Software Medical Device Engineer
Stark Pharma Solutions Inc · Pleasanton, CA · 2 mo ago
On-siteQuality AssuranceContract
Responsibilities
- Plan and execute migration of requirements and related data from legacy tools (e.g., DOORS, Jama, Excel, Jira) into new platforms, ensuring data integrity, traceability, and compliance.
- Administer, configure, and maintain enterprise requirements management tools, including hierarchies, templates, workflows, versioning, and baselining in alignment with the quality system.
- Develop and maintain a requirements management plan in collaboration with cross-functional teams, defining the overall requirements structure and links to associated design control documents.
- Create and maintain standardized requirements templates, traceability frameworks, and governance models based on quality and regulatory requirements.
- Maintain the requirements database, develop scripts or automation as needed, and support integrations or add-in tools to improve usability and efficiency.

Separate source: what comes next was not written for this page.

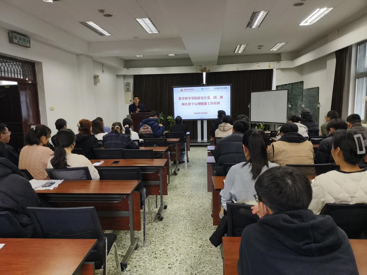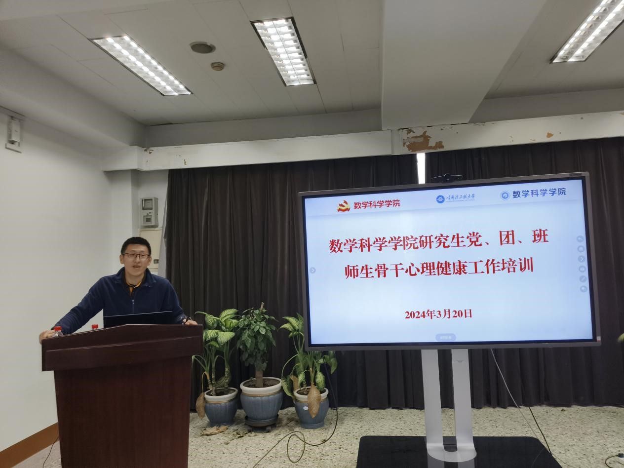 为加强学院研究生培养质量,提高研究生骨干心理健康工作的能力水平,永乐高60net于2024年3月20日在逸夫馆401会议室组织研究生骨干开展心理健康工作培训,学院副院长张晓威、研究生辅导员、研究生党支部书记以及研究生党、团、班学生骨干30余人参加培训,由学校本科生院学生发展指导中心心理健康教研室葛喜平教授担任主讲人,培训由学院辅导员刘东平主持。

- Provide training, documentation, and ongoing support to engineers, serving as the primary functional expert for requirements tools and best practices.
Requirements
- Bachelor's degree in Engineering, Computer Science, Biomedical Engineering, or a related discipline for requirements management.
- A minimum of 5 years with hands-on experience administering or configuring enterprise requirements management tools to support regulated development environments (e.g., Codebeamer, DOORS, Jama, or comparable platforms).
- Ability to quickly learn and adopt new tools is expected.
Preferred Qualifications
- Experience acting as a tool administrator, configuration owner, or advanced power user in a regulated development environment.
- Experience defining or scaling requirements management frameworks for large or multi-team programs.
- Familiarity with medical device development (FDA 21 CFR Part 820) with the ability to configure tools to support compliant workflows.
- Experience supporting software-driven, connected, or mobile medical devices.
- Experience with different requirements management or lifecycle tools is valued; strong foundational understanding of requirements structures and traceability is more important than experience with a specific platform.